The carrier is responsible for proper temperature management to prevent the bananas from premature ripening, inconsistent ripening and chilling injuries. This includes pre-cooling, temperature zoning and monitoring temperature and air circulation.

Pre-cool the bananas to the appropriate temperature before transportation. The temperature of the fruit should be lowered to the desired storage temperature, usually between 13-15°C. This step ensures that bananas start their journey at the right temperature, reducing the risk of premature ripening.

Divide the storage or transportation space into zones and place bananas with similar ripening stages together. This practice helps manage temperature more effectively for different batches of bananas, ensuring uniform ripening.

Utilize temperature monitoring devices such as data loggers or sensors to continuously monitor the temperature and air circulation inside the storage units. This prevents elevated, lowered or uneven temperatures from occurring.

  1. Strictly follow the shipper’s instructions

The instructions from the shipper should always include requirements for temperature settings, cargo pre-cooling, ventilation, air composition and the relative air humidity. It is the carrier’s responsibility to follow these instructions precisely. 

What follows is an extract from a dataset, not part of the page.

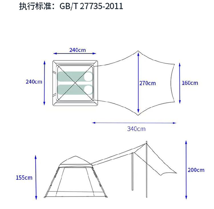 艾逸瑶选 HW-22993 逸享天幕帐篷套装 2.4*2.4M (单位:套)
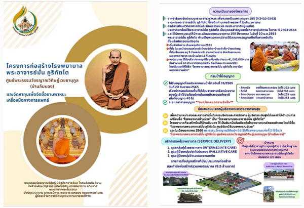 “และในการสร้างโรงพยาบาลพระอาจารย์มั่น ภูริทัตโต แห่งที่ 2 (ศูนย์พระธรรมวัชรญาณวิศิษฏ์เวชชานุกูลบ้านลึมบอง)นี้ จะทำให้ลดความแออัดของโรงพยาบาลและประชาชนในพื้นที่ใกล้เคียงสามารถเข้าถึงการดูแลรักษาได้สะดวกมากยิ่งขึ้น และโรงพยาบาลสามารถเพิ่มศักยภาพการให้บริการให้ครอบคลุมมากขึ้นตามสภาพปัญหาทางสุขภาพในปัจจุบัน”

Besides following the instructions, it is necessary to properly record and document that the instructions are being followed to establish a solid defense in case of claims. Work with detailed documentation templates, that include the precise instructions and room for comments, checklists, timestamps or even signatures. 

If proper temperature monitoring is met, these results should also be used for documentation. And ideally, digital tools and software are used to record and store all documentation electronically. This includes space for photographic materials.

Shield bananas, avoid claims.

Both shipper and carrier share the responsibility to prevent cross-contamination, premature ripening, inconsistent ripening and chilling injuries. The common goal is to transport the bananas in good and consistent quality. The carrier should take care of meeting the conditions of cargo worthiness, managing the temperatures properly and following the instructions of the shipper. 

As a carrier you also have the responsibility to record and document all measurements above. Even when you follow all instructions, quality reduction of bananas can still occur. In this case, you need to prove that the product damage did not occur at a stage where you have responsibility or control. If you can provide this evidence, the claim will not be pursued against you.